- Task requirements -
Only some lines are wanted: please transcribe exactly those from the one containing "النشرة العلمية للكلية" through the end of the data, pictures excluded.

══ Supplied data

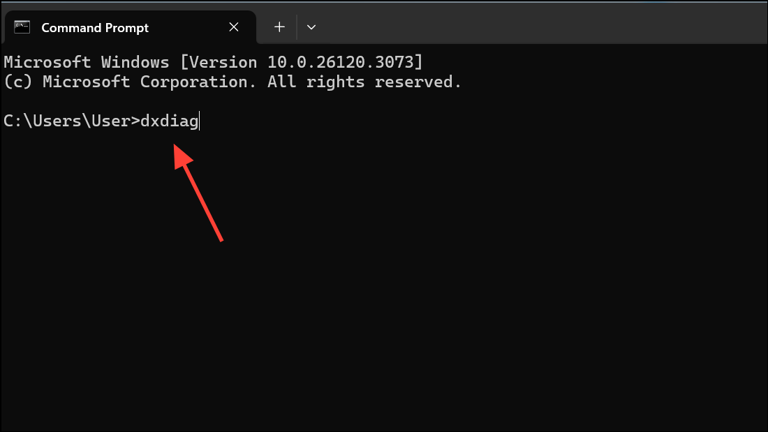 Step 3: Alternatively, open Command Prompt or Windows PowerShell. Type dxdiag and press Enter to launch the diagnostic tool.
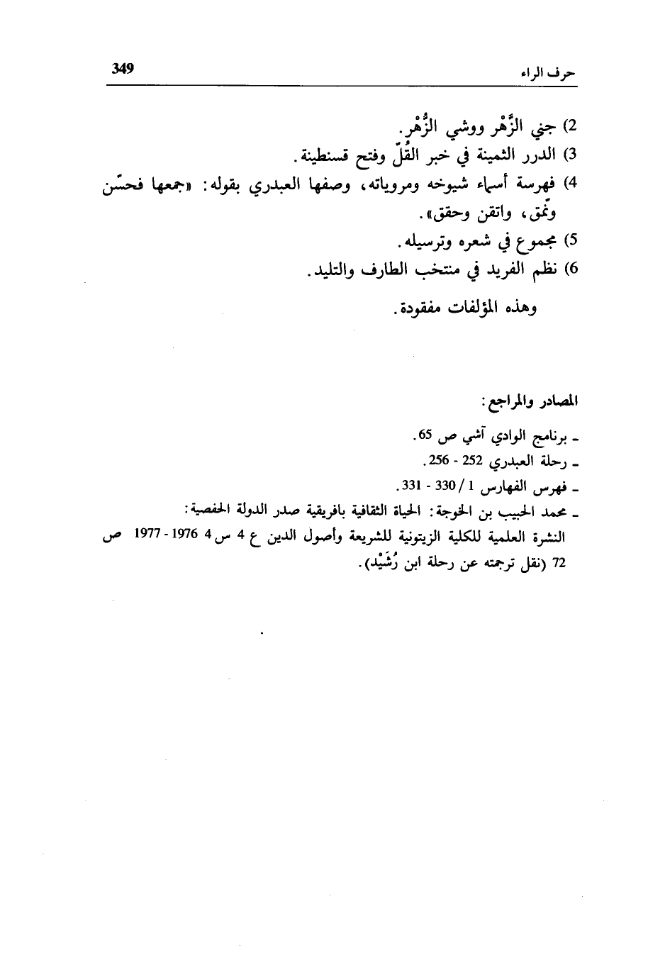 النشرة العلمية للكلية الزيتونية للشريعة وأصول الدين ع 4 س 4، 1976 - 1977 ص 72 (نقل ترجمته عن رحلة ابن رشيد).
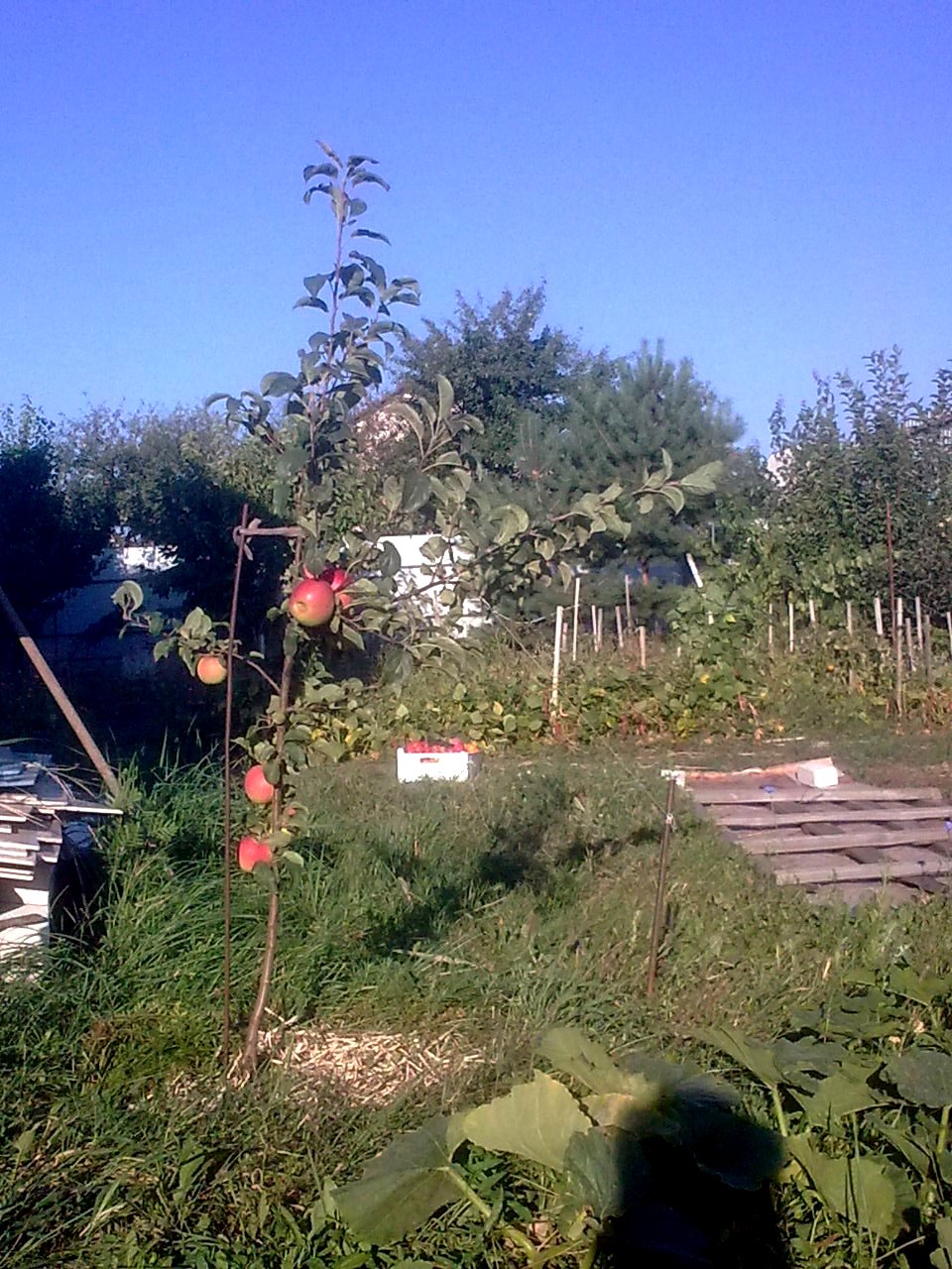 Бывает и такая нагрузка, Ханикрисп на ПБ/В9 на второй год вегетации после высадки (развитого) саженца (из питомника Старк в Миссури):Zener писал(а): Мне такой "фокус" удался со Скалой в прошлом сезоне,двухлетка на 62-396 выдала десяток полноценных товарных яблок,при этом прирост составил до 50 см.Но для этого пришлось еженедельно обильно поливать и раз в месяц кормить.

════

- Result of this task -
 النشرة العلمية للكلية الزيتونية للشريعة وأصول الدين ع 4 س 4، 1976 - 1977 ص 72 (نقل ترجمته عن رحلة ابن رشيد).
 Бывает и такая нагрузка, Ханикрисп на ПБ/В9 на второй год вегетации после высадки (развитого) саженца (из питомника Старк в Миссури):Zener писал(а): Мне такой "фокус" удался со Скалой в прошлом сезоне,двухлетка на 62-396 выдала десяток полноценных товарных яблок,при этом прирост составил до 50 см.Но для этого пришлось еженедельно обильно поливать и раз в месяц кормить.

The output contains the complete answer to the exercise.